* ASSIGNED TASK
When you copy the material below, keep every line exact and leave each picture out.

* COLLECTED MATERIAL

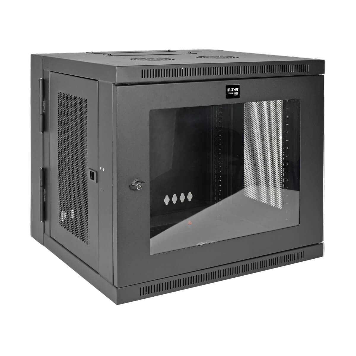 EATON, SMARTRACK 10U LOW-PROFILE SWITCH-DEPTH WALL-MOUNT RACK ENCLOSURE CABINET WITH CLEAR ACRYLIC WINDOW, HINGED BACK |
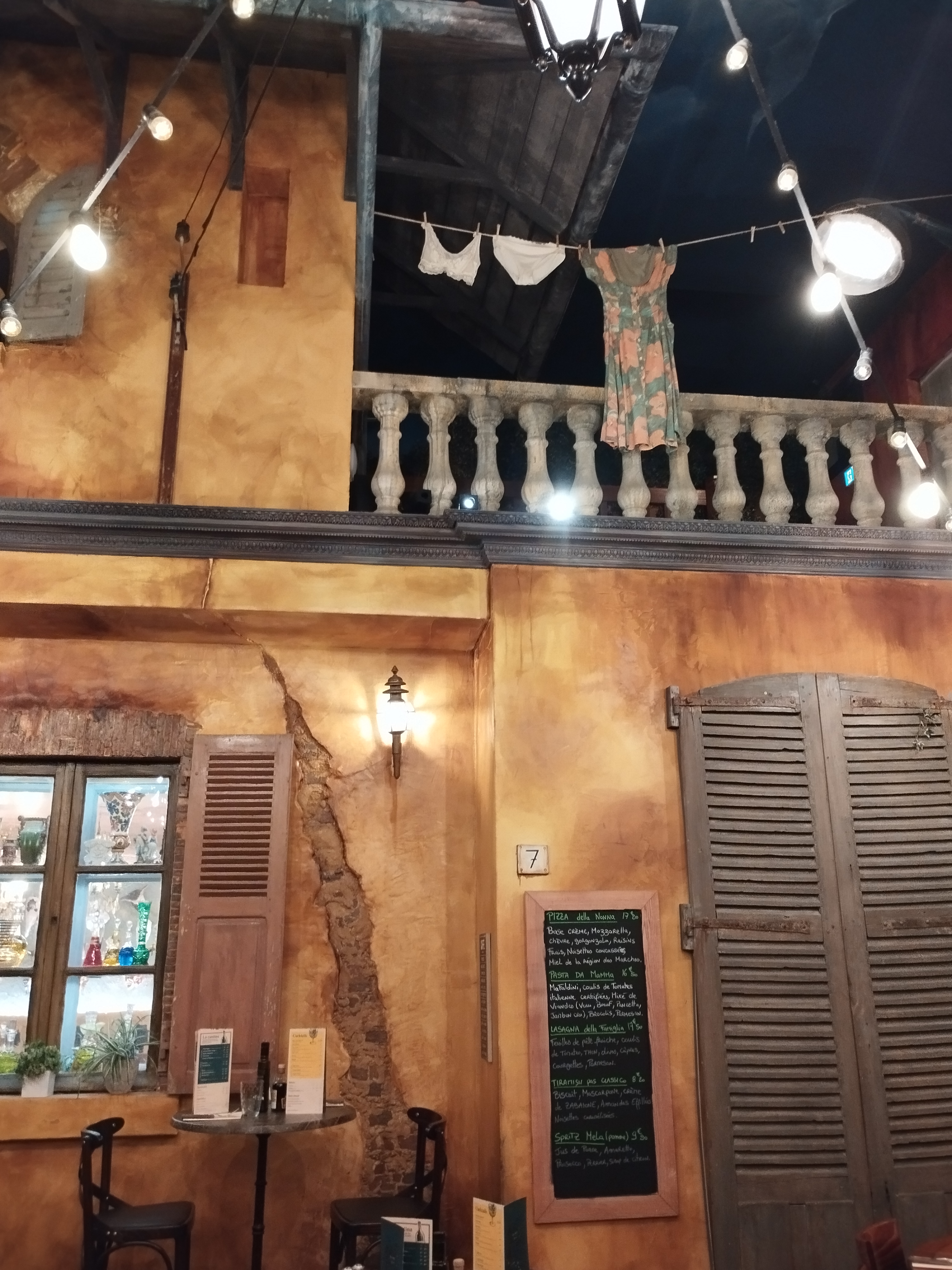 Restaurant italien formidable, plats originaux, service rapide et professionnel et décoration digne des restaurants thématiques du parc Disney (très drôle la culotte de la mama sur le fil à linge au plafond) je recommande vivement.
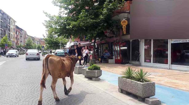 Zonguldak'ın Çaycuma ilçesinde şehir merkezine inen inek araç sürücülerini zor durumda bıraktı.

* WRITTEN ANSWER
 EATON, SMARTRACK 10U LOW-PROFILE SWITCH-DEPTH WALL-MOUNT RACK ENCLOSURE CABINET WITH CLEAR ACRYLIC WINDOW, HINGED BACK |
 Restaurant italien formidable, plats originaux, service rapide et professionnel et décoration digne des restaurants thématiques du parc Disney (très drôle la culotte de la mama sur le fil à linge au plafond) je recommande vivement.
 Zonguldak'ın Çaycuma ilçesinde şehir merkezine inen inek araç sürücülerini zor durumda bıraktı.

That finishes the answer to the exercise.